Suspense users can use lazyRemote (resilience runs inside the lazy factory, so a flaky remote no longer rejects the boundary on first failure):

import { Suspense } from "react";
import { lazyRemote } from "federation-resilience/react";

const Cart = lazyRemote<{ default: React.ComponentType }>("checkout/Cart", {
  fallback: "checkout-stable/Cart",
});

<Suspense fallback={<Spinner />}><Cart /></Suspense>;

Vue

A first-class Vue 3 composable ships from the optional subpath federation-resilience/vue with vue as an optional peer dependency.

<script setup lang="ts">
import { useResilientRemote } from "federation-resilience/vue";

const state = useResilientRemote("checkout/Cart", {
  fallback: "checkout-stable/Cart",
});
// state.value.status === "loading" | "success" | "error"
</script>

<template>
  <Spinner v-if="state.status === 'loading'" />
  <CartUnavailable v-else-if="state.status === 'error'" :reason="state.error.message" />
  <component v-else :is="state.module.default" />
</template>

The remote argument can be a reactive Ref<string> — the composable re-fires whenever it changes (e.g. route-driven remotes):

import { ref } from "vue";
import { useResilientRemote } from "federation-resilience/vue";

const currentRemote = ref("checkout/Cart");
const state = useResilientRemote(currentRemote, { fallback: "checkout-stable/Cart" });
// Changing currentRemote.value triggers a new resilient load automatically.

Angular

import { loadResilientRemote, RemoteLoadError } from "federation-resilience";

async loadWidget() {
  try {
    const m = await loadResilientRemote("dash/Widget", { fallback: "dash-stable/Widget" });
    this.widget = m.default;
  } catch (e) {
    if (e instanceof RemoteLoadError) this.showWidgetFallbackUI();
  }
}

Svelte

<script lang="ts">
  import { loadResilientRemote } from "federation-resilience";
  let promise = loadResilientRemote("nav/Menu", { fallback: () => import("./LocalMenu") });
</script>

{#await promise}
  <Spinner />
{:then mod}
  <svelte:component this={mod.default} />
{:catch}
  <LocalMenuFallback />
{/await}

Parallel multi-remote load

Load multiple remotes at once with full per-remote failure isolation — one broken remote never blocks or cancels the others:

import { loadResilientRemotes } from "federation-resilience";

const results = await loadResilientRemotes([
  { remoteId: "checkout/Cart",  options: { fallback: "checkout-stable/Cart" } },
  { remoteId: "nav/Menu",       options: { fallback: "nav-stable/Menu" } },
  { remoteId: "promo/Banner",   options: { maxAttempts: 2 } },
], { maxAttempts: 3, backoff: { baseMs: 100, capMs: 2000 } }); // shared defaults

for (const r of results) {
  if (r.status === "success") mount(r.remoteId, r.module);
  else                        renderFallbackUI(r.remoteId, r.error);
}

Bare ESM (no framework)

<script type="module">
  import { loadResilientRemote, prefetchFallback } from "https://esm.sh/federation-resilience";

  // Warm the fallback during idle so failover is instant:
  prefetchFallback("promo/Banner", { fallback: "promo-stable/Banner" });

  const banner = await loadResilientRemote("promo/Banner", {
    fallback: "promo-stable/Banner",
  });
  document.querySelector("#slot").replaceChildren(banner.render());
</script>

Idle prefetch

import { prefetchFallback } from "federation-resilience";

const warm = prefetchFallback("checkout/Cart", { fallback: "checkout-stable/Cart" });
// Runs on requestIdleCallback (setTimeout fallback).
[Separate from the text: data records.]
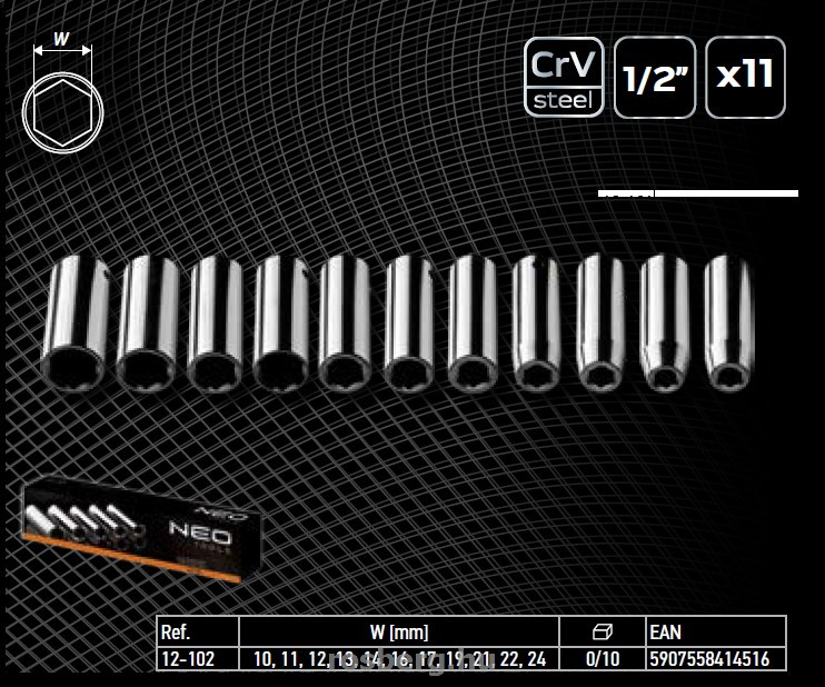 NEO ½"-os, 11 elemes gépi dugókulcs készlet. Hatlapú gépi dugókulcsokat tartalmaz a népszerű, 10-24 mm közötti méretekben. A hosszú dugókulcsok használhatók a mély fészekben elhelyezkedő csavarokhoz is. Nagy ellenállóképességű króm-vanádium acélból készültek. Meghosszabbított élettartamú dugókulcsok a forró kovácsolási technológiának köszönhetően. Praktikus, tárolásra szolgáló fémkazettába csomagolva. A NEO márka a professzionális igényeket is kielégíti.
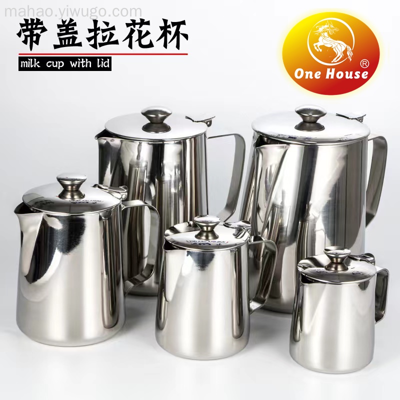 不锈钢带盖拉花咖啡杯
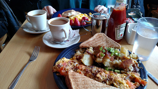 I found a long HAIR twice in my food and the coffee is not good at all! I doubt its just coincedence that it was aweful everytime Ive been there. Nothing special about the food here, its ordinary breakfast you can get at diners. Ive been here a few times because its my bestfriends favorite breakfast spot. The staff is very "standoffish" except for this one young hispanic looking man Ive seen seating customers a few times, he seems to be the only one that is able to smile or be polite. I complained once about the hair in my food and not only did they still charge me for it, they were so rude to me as though it was my fault! I dont know if he was just the cook or the owner, but he was so unprofessional & yelled at my waitress, she wasnt very pleasant to begin with but hes the cook, how is it her fault?! The hair wasnt even her color! Anyway, I believe in second chances which is why I didnt write them off immediately but this is too much. Yeah, I wont be going back there! I advise those reading the same, sorry but true.

Never blocks or affects the
// primary load. Cancel it if you navigate away:
warm.cancel();

Telemetry

Five generic load-lifecycle events — the only observability surface. No tracing SDK is bundled; wire them into whatever you already use.

loadResilientRemote("checkout/Cart", {
  telemetry: {
    onAttempt:  (e) => {}, // { remoteId, attempt, maxAttempts }
    onRetry:    (e) => {}, // { remoteId, attempt, nextAttempt, delayMs, error }
    onFallback: (e) => {}, // { remoteId, attemptsMade, error, fallbackKind }
    onSuccess:  (e) => {}, // { remoteId, attempt, viaFallback }
    onGiveUp:   (e) => {}, // { remoteId, attemptsMade, error: RemoteLoadError }
  },
});

A throwing hook can never break a load — every emit is invoked defensively.

Scenario dataset

The benchmark harness runs the real loader over scenario files and prints JSON. The bundled scenarios are SYNTHETIC (illustrative shapes, not measured from production). Bring your own real data per data/README.md.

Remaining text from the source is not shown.